Hints for the investor at the beginning of the trading journey

The stock exchange is a lottery, where you can dramatically change your destiny. It is a chance to become a millionaire or to lose the invested capital. Many beginning traders want to be sure that they will not "go bankrupt". But are there any guarantees of success for those who take part in exchange trade? 

So, let's try to look into it in detail and in order. 

To begin with, it is not enough to have a certain amount of money and the desire to invest it in a profitable project in order to get dividends.  In order to multiply the start-up capital, it is necessary to understand the intricacies of the trading sphere, to be able to choose a reliable broker, and, in general, to understand which method of participation in trading can lead to wealth. 

What is the idea of investing?

Often the idea of investing comes to those who have a deposit bank account, but the low interest offered by the financial institution makes them look for options to increase their capital.

 This is a normal desire, however, it is worth bearing in mind that a higher return on deposits implies higher risks. The main thing is that the investor consciously went for the financial risk and calculated if the project is worth the risk of his capital, because serious investing is not a thousand or two dollars, but larger figures. 

In general, with a sober assessment of risks and the availability of "free" money, the best solution can be an investment in a popular asset such as securities (stocks, bonds).

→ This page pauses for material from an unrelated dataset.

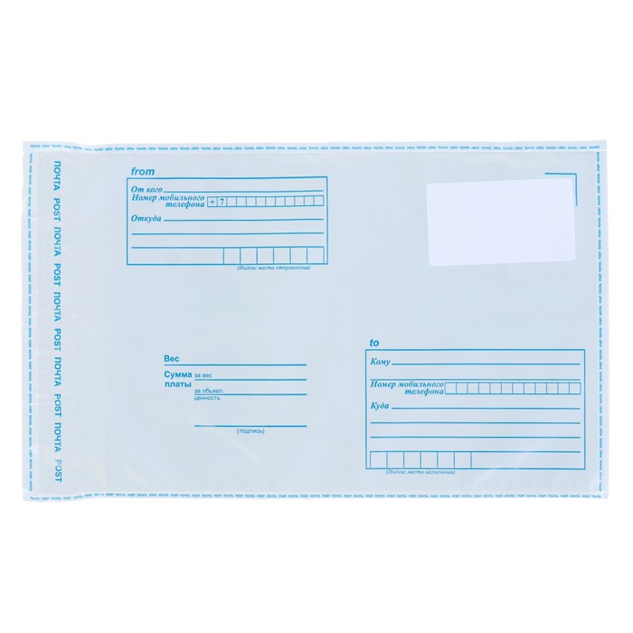 С почтовым пакетом Ваше почтовое отправление упакованное в пластиковый пакет никогда не промокнет и не испачкается. Это наиболее удобный способ аккуратно доставить Вашу посылку.

But before that, it is highly recommended to master the nuances of trading on the stock exchanges.

What is a share?

Hints for the investor at the beginning of the trading journey review

It is an equity security, which confirms the right of ownership. In other words, the purchase of shares in a company (i.e. investing in the company) means that the investor is buying an equity interest. The size of the stake depends on the number of shares purchased and their percentage in the total amount of securities issued.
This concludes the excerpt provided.